Task instructions
Make an exact copy, from the records below, of the lines from the line containing "Dog on the Tuckerbox" to the line containing "Ethan was strapped", both lines included, excluding pictures.

Data for review

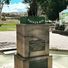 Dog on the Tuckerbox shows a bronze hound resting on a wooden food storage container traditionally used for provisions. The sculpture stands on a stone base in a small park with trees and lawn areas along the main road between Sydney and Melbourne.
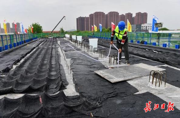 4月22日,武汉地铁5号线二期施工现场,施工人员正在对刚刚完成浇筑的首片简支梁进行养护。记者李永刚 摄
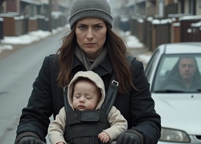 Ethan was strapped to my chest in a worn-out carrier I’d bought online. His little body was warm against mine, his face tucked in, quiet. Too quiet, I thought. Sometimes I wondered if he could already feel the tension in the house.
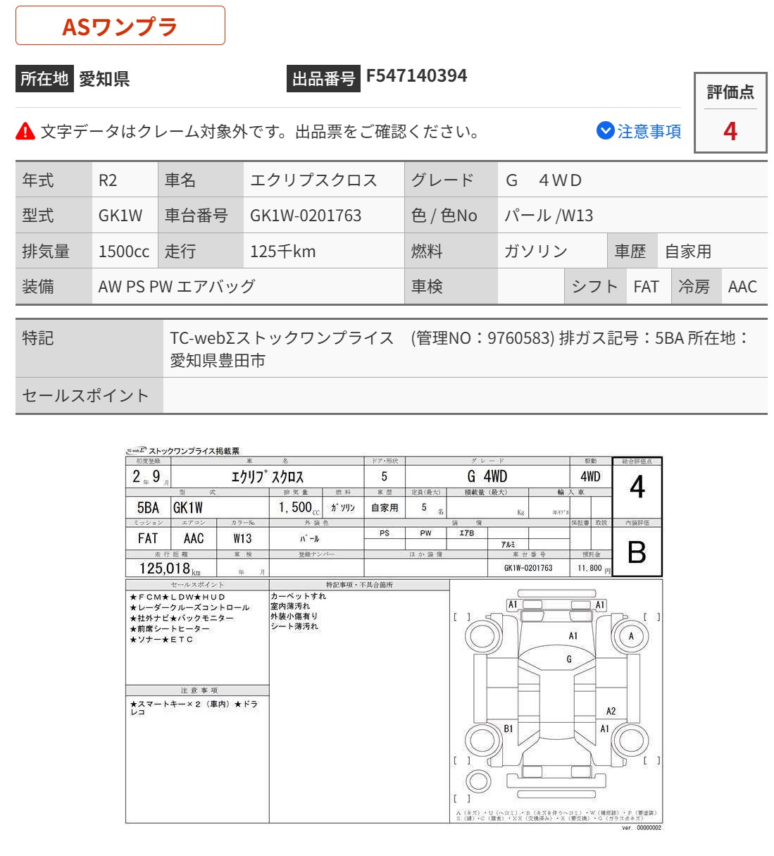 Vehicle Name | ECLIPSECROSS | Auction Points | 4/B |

...

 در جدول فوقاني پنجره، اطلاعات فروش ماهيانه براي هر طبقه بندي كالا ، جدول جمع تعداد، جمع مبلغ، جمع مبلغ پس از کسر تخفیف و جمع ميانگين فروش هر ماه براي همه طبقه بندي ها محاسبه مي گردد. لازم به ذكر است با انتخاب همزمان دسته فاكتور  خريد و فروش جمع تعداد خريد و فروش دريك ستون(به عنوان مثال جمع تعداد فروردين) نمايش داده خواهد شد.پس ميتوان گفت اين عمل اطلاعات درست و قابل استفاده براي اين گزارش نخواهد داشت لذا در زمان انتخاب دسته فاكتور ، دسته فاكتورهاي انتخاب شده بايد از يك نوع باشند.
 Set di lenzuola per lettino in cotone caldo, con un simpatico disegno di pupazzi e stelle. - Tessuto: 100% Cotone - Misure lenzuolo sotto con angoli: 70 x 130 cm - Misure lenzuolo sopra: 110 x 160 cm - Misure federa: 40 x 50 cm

Exercise solution
 Dog on the Tuckerbox shows a bronze hound resting on a wooden food storage container traditionally used for provisions. The sculpture stands on a stone base in a small park with trees and lawn areas along the main road between Sydney and Melbourne.
 4月22日,武汉地铁5号线二期施工现场,施工人员正在对刚刚完成浇筑的首片简支梁进行养护。记者李永刚 摄
 Ethan was strapped to my chest in a worn-out carrier I’d bought online. His little body was warm against mine, his face tucked in, quiet. Too quiet, I thought. Sometimes I wondered if he could already feel the tension in the house.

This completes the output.